WHAT YOU SHOULD DO | Leave the images aside and copy out the whole listing, exact to the word.

----

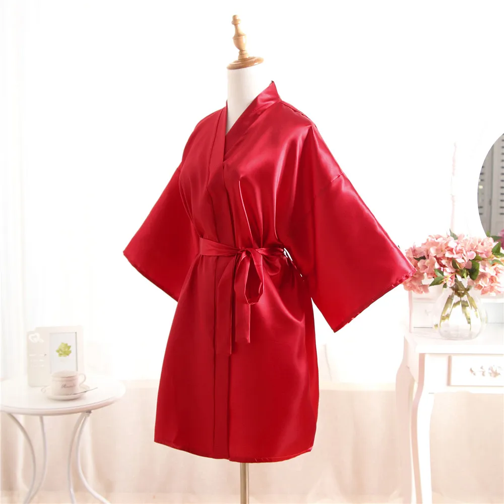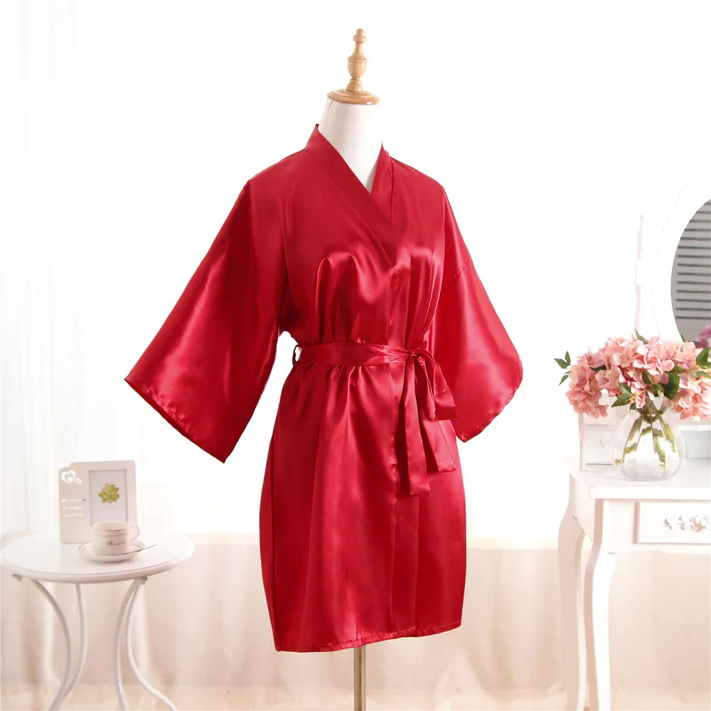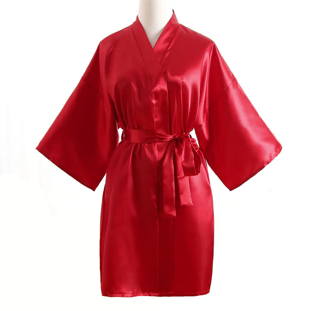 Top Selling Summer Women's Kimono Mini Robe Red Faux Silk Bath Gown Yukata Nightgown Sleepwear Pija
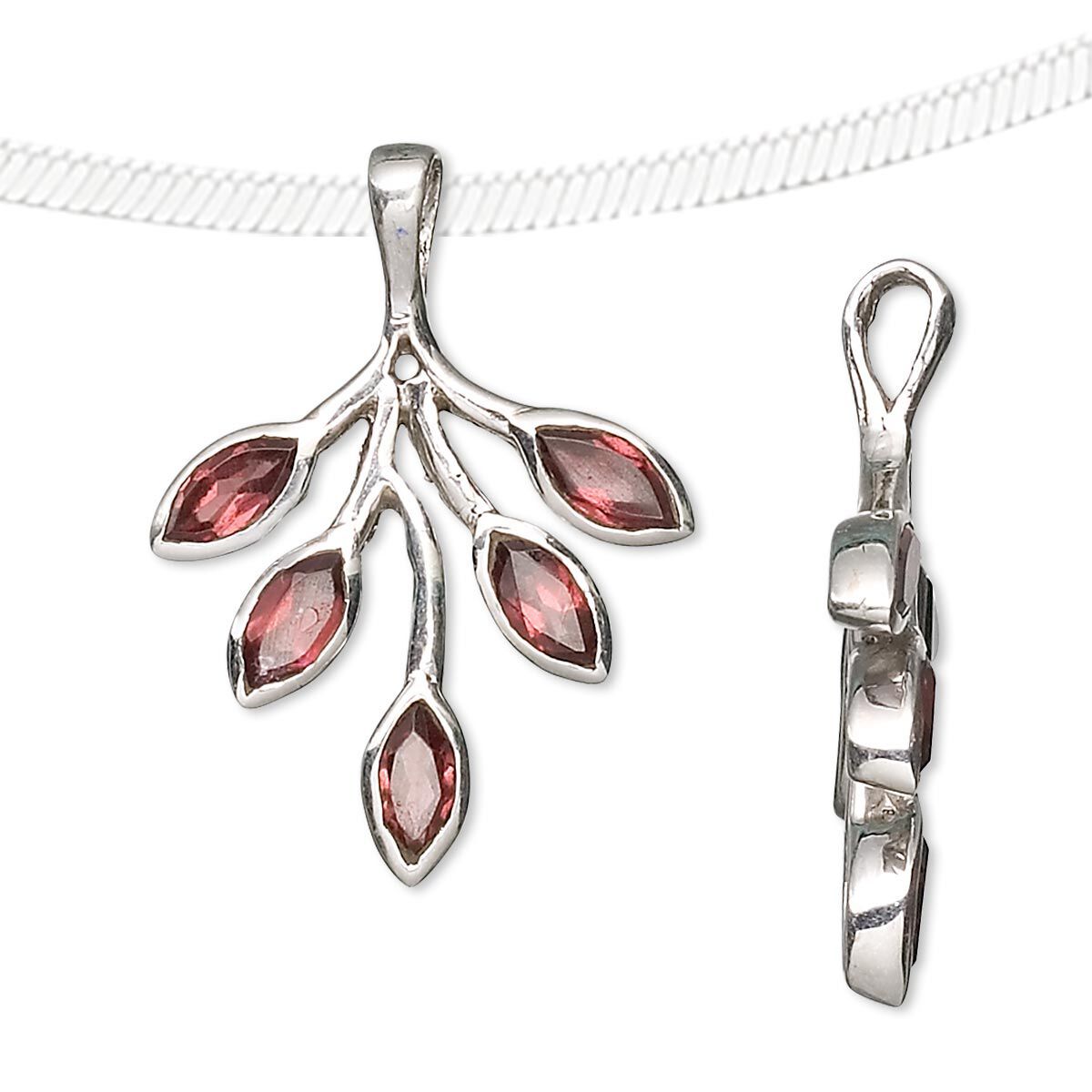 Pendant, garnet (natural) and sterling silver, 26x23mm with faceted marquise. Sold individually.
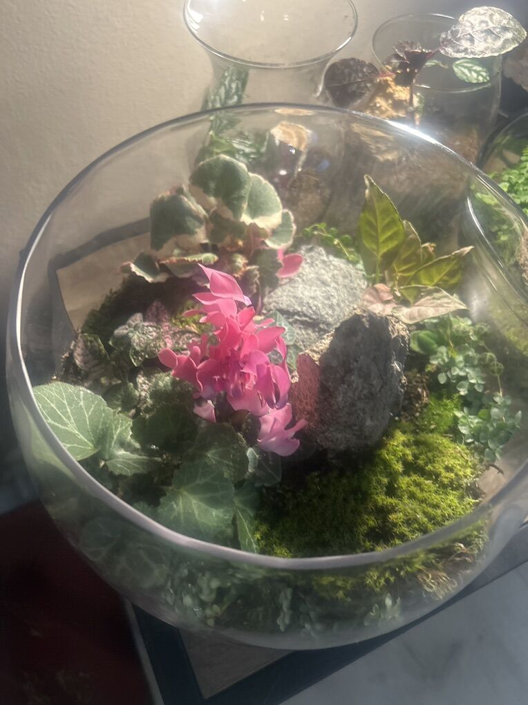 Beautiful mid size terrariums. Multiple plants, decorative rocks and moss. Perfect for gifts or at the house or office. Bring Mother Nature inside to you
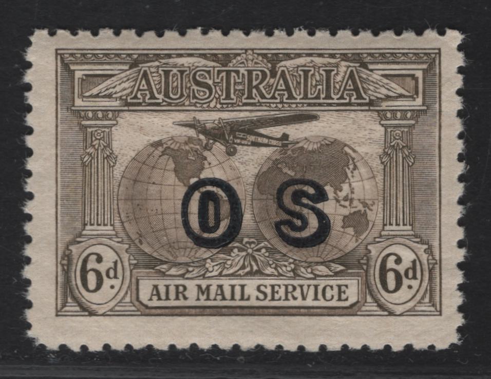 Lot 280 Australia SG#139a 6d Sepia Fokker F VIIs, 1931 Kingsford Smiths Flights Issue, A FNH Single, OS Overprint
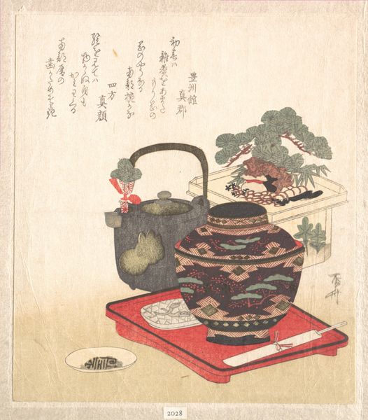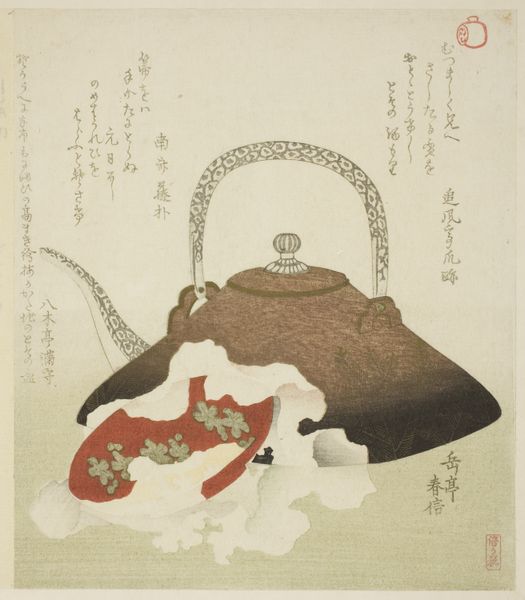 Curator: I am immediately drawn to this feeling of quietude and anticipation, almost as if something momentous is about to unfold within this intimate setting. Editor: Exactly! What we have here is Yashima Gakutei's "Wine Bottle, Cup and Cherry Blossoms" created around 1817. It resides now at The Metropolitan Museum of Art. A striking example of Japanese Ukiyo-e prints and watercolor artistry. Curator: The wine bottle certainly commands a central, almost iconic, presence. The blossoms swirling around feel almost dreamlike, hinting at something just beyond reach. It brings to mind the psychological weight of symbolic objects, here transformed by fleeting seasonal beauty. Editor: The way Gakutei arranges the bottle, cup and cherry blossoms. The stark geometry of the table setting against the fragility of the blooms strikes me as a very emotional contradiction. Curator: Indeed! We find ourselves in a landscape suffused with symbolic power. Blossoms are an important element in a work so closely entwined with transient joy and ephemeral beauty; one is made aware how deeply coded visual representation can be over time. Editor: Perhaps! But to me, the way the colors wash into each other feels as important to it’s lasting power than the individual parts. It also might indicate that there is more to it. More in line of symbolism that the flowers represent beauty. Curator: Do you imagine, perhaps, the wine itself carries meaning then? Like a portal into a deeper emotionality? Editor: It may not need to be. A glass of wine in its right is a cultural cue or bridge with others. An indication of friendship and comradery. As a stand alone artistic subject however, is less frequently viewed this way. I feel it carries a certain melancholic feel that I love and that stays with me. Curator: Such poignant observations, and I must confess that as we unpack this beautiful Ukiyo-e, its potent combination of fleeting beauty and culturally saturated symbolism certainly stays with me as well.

----

ANSWER TO THIS TASK |
 Top Selling Summer Women's Kimono Mini Robe Red Faux Silk Bath Gown Yukata Nightgown Sleepwear Pija
 Pendant, garnet (natural) and sterling silver, 26x23mm with faceted marquise. Sold individually.
 Beautiful mid size terrariums. Multiple plants, decorative rocks and moss. Perfect for gifts or at the house or office. Bring Mother Nature inside to you
 Lot 280 Australia SG#139a 6d Sepia Fokker F VIIs, 1931 Kingsford Smiths Flights Issue, A FNH Single, OS Overprint
 Curator: I am immediately drawn to this feeling of quietude and anticipation, almost as if something momentous is about to unfold within this intimate setting. Editor: Exactly! What we have here is Yashima Gakutei's "Wine Bottle, Cup and Cherry Blossoms" created around 1817. It resides now at The Metropolitan Museum of Art. A striking example of Japanese Ukiyo-e prints and watercolor artistry. Curator: The wine bottle certainly commands a central, almost iconic, presence. The blossoms swirling around feel almost dreamlike, hinting at something just beyond reach. It brings to mind the psychological weight of symbolic objects, here transformed by fleeting seasonal beauty. Editor: The way Gakutei arranges the bottle, cup and cherry blossoms. The stark geometry of the table setting against the fragility of the blooms strikes me as a very emotional contradiction. Curator: Indeed! We find ourselves in a landscape suffused with symbolic power. Blossoms are an important element in a work so closely entwined with transient joy and ephemeral beauty; one is made aware how deeply coded visual representation can be over time. Editor: Perhaps! But to me, the way the colors wash into each other feels as important to it’s lasting power than the individual parts. It also might indicate that there is more to it. More in line of symbolism that the flowers represent beauty. Curator: Do you imagine, perhaps, the wine itself carries meaning then? Like a portal into a deeper emotionality? Editor: It may not need to be. A glass of wine in its right is a cultural cue or bridge with others. An indication of friendship and comradery. As a stand alone artistic subject however, is less frequently viewed this way. I feel it carries a certain melancholic feel that I love and that stays with me. Curator: Such poignant observations, and I must confess that as we unpack this beautiful Ukiyo-e, its potent combination of fleeting beauty and culturally saturated symbolism certainly stays with me as well.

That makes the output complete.